Information on food webs is central to understand ecosystem functioning. It also provides information of ecosystem stability by evaluating the resource availability and use. Obtaining information on the diet can be critical especially when dealing with elusive carnivores, which are difficult to observe. However, these large carnivores are keystone species that influence the ecosystem through trophic cascades and maintain biodiversity. Thus, precise knowledge of their diet is a prerequisite for designing conservation strategies of these endangered species. Direct and indirect monitoring as well as invasive and non-invasive approaches that have been used to study the diet are either biased or have a low resolution. The DNA-based analysis of feces is an alternative method that may provide better information. It can be implemented through a metabarcoding approach, which is the simultaneous identification of multiple species from a single environmental sample containing degraded DNA by using Next Generation Sequencing. In this case, the use of universal primers for vertebrates amplifying all potential prey also amplifies the predator DNA when it belongs to a close taxon (e.g. mammals).

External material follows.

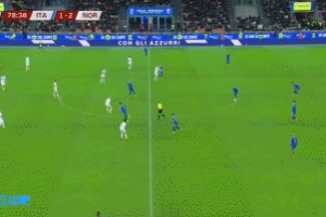 体育资讯11月17日讯 世预赛意大利vs挪威第79分钟,巴斯托尼出球被鲍勃拦截,挪威迅速组织进攻。点球点附近哈兰德轻松包抄得手达成双响,意大利1-3落后!

Thus, the PCR products obtained from feces extracts will mainly consist of predator sequences and may not represent the full diet. The use of oligonucleotides specifically blocking the amplification of the predator DNA may overcome this problem. We have developed such a method based on the concomitant use of a universal primer pair (_12SV5_, ampligying all vertebrates) and blocking oligonucleotides for identifying the prey DNA fragments from predators feces. Even if the method developed is not quantitative, it is robust and adequate for studying predator with a very large dietary range and has a better resolution than traditional methods for identifying prey at the genus or species level. This methodology has been applied to characterize the highly eclectic diet (mammals, birds, amphibians and fishes) of two Northern-Pakistani populations of leopard cat (_Prionailurus bengalensis_). With the same approach, we demonstrated the importance of the Human-leopard conflict in Pakistan, due to the almost exclusive consumption of domestic animals by the common leopard (_Panthera pardus_). We could also highlight relevant conservation issues for the highly endangered and cryptic snow leopard (_Panthera uncia_), based on the fact that it mainly fed on wild ungulates.